Flagler College on Monday signed an agreement with Beijing-based China Foreign Affairs University (CFAU) for faculty and student exchange. The agreement is effective immediately, with programs set to begin in the spring semester of 2019.
The equivalent of Harvard’s Kennedy School of Government or Paris’s School of International Affairs (Sciencs Po), CFAU is China’s leading university for future diplomats and foreign affairs and policy specialists. It is a state school, administered by the country’s Ministry of Foreign Affairs and Ministry of Education.
“We’re excited to have a faculty and student exchange,” said Flagler College President Dr. Joseph G. Joyner. “It’s a wonderful thing for Flagler College.”
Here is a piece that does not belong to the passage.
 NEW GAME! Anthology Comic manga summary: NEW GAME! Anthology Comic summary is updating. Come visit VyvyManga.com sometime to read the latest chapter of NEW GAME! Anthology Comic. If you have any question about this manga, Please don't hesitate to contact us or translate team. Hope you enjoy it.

The agreement, signed in the president’s board room at the college, is a milestone for Flagler College as it plans for diversity, inclusion and increased cultural awareness in its programming college-wide in the next five years. The exchange program will continue to build upon similar partnerships that have been established with universities in Germany and other countries. The college is celebrating its 50th anniversary.
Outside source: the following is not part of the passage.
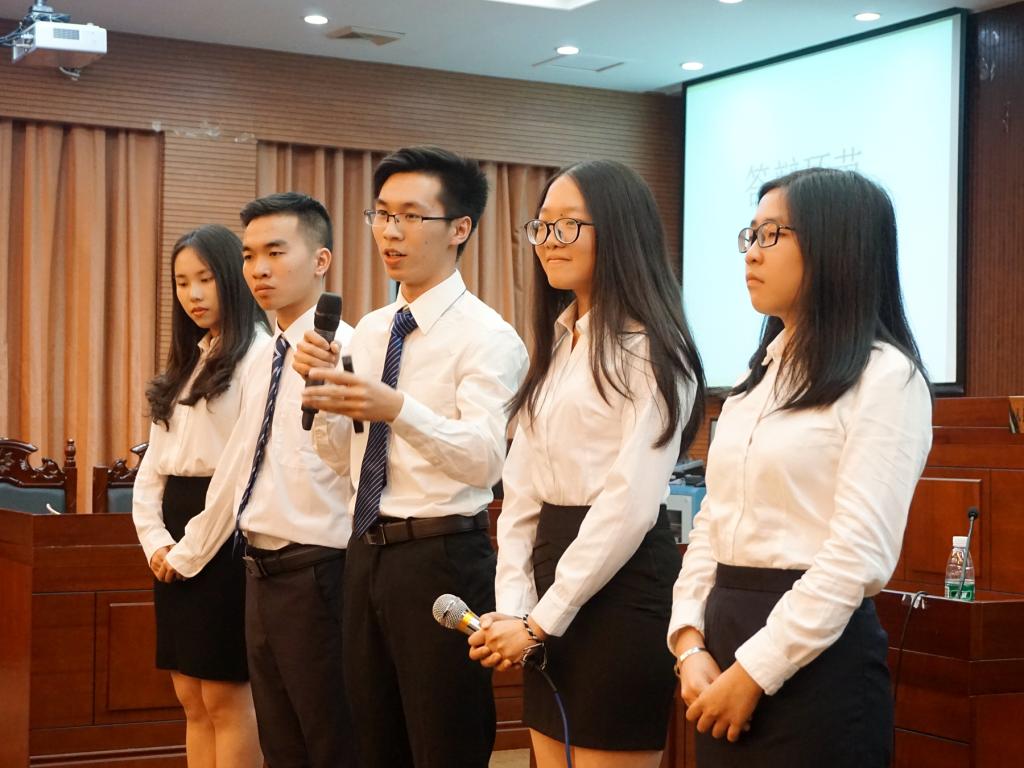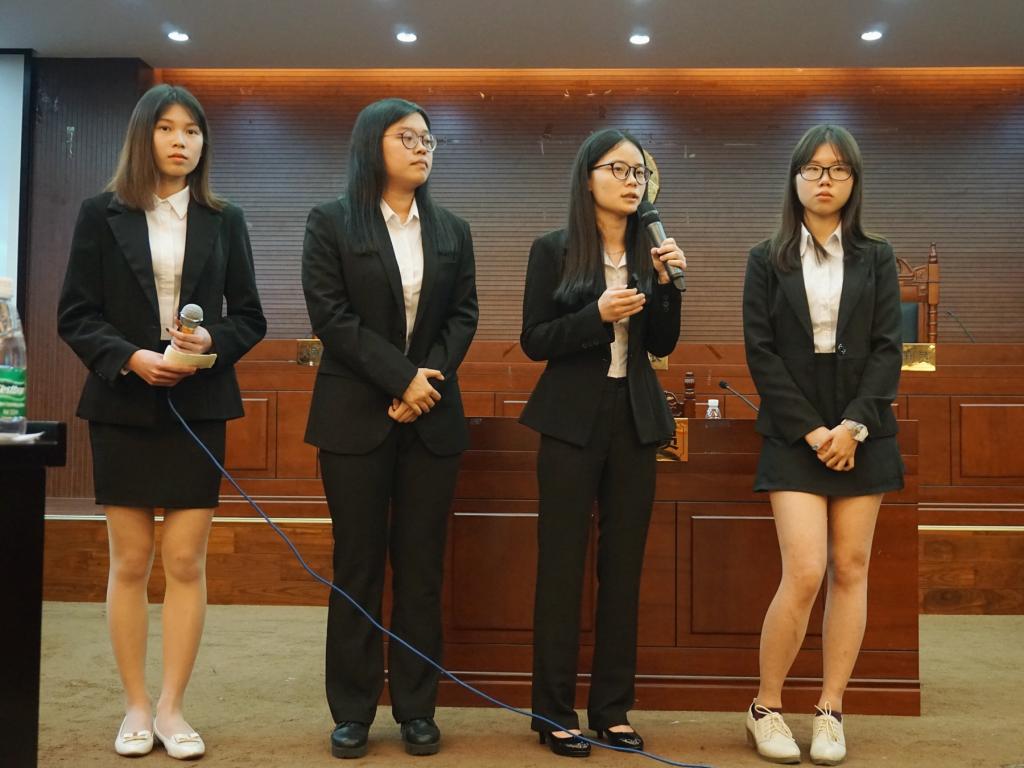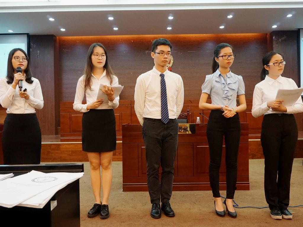 本网讯(文字:陈文茹 摄影:陈秀琴 网编:王奕霖) 3月28号晚,第四届法律文化节开幕式暨第十一届调研大赛决赛于实验楼B307大模拟法庭举行。出席本次活动的有法公司党委周秀娇书记、党委林茂辉副书记、范利平教授、杨斐教授、陈勇副教授、修文辉老师、廖伟智老师、范丽颖老师、陈文华老师、团委书记陈宇老师以及团学主席团成员。

The new exchange program will begin in the spring when the first visiting faculty member arrives to teach an introductory course on Chinese culture and language – offering a “panorama tour of China from traditional culture to modern living” per the proposed course catalogue description.
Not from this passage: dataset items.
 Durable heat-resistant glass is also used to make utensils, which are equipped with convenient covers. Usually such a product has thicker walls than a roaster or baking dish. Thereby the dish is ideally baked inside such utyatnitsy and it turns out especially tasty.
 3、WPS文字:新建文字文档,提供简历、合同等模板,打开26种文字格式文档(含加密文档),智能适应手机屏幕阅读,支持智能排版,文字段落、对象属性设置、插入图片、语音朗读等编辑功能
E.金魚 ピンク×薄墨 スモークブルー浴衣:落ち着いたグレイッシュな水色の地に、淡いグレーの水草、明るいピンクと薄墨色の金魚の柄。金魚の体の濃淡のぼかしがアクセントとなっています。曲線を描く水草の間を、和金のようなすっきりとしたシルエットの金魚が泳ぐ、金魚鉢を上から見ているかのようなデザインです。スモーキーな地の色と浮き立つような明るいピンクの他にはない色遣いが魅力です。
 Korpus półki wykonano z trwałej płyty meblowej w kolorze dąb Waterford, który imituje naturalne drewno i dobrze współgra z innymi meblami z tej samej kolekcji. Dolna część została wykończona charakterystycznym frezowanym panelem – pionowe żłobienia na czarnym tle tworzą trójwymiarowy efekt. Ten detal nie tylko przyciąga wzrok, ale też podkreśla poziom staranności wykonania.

Flagler students who participate in a study abroad to CFAU or in the exchange program will have unique opportunities for engagement. Program highlights for Flagler students will include access to press conferences, summits, conferences and learning among one of the brightest student cohorts in China. CFAU has a distinct curriculum designed around a 7 to 1 student to faculty ratio, which is essentially unheard of in Chinese higher education.
CFAU is the only university officially aligned with the Foreign Affairs Ministry of China. Students have unparalleled access to diplomatic and foreign ministers, top law professionals and international organizations. CFAU also boasts more than twenty research institutes and centers, allowing direct access to the country’s top research in several fields including international relations, international education and world economics and trade.
“The potential benefits for our students, faculty, staff and the local community are significant,” said political science professor and Dean of Academic Life Art Vanden Houten. “As the 21st century unfolds, partnering with China’s most prestigious university that trains its future diplomatic corps will allow students, faculty and community members here and in China to develop a deeper understanding and keen insight into the contours and complexities of what will be the most significant international relationship of the century.”
The Chinese delegates who visited Flagler cited the school’s history, diversity and open-mindedness as reasons that it is “the right choice” for the partnership, according to Vice President of CFAU LI Hongmei.
Vice president LI noted that the cornerstone of education is learning from other cultures and seeing things from a different perspective. Thus, CFAU delegates will be making one more stop on their weeklong trip; a similar agreement will be made with another school on the west coast.
rjs508 says
Just another way that China will try to steal American technology and our people will be smiling the entire time in ignorance.
Palmcoaster says
I fully trust our intelligence entities (FBI and CIA) to keep close tabs in any foreign exchange college programs. Kudos to Flagler College., Lets open our windows to the world and learn about other cultures and by doing so we may be able to wise up and avoid so many wars and improve commerce relations to both those countries involved. Our often USA culture about that all that we do not know or understand is definitely bad omen, actually isolate and box us all into the dark manipulative politics of ignorance.
Outsider says
We are the ignorant ones, yet China is the one that deprives it’s citizens of knowledge via censorship. Got it!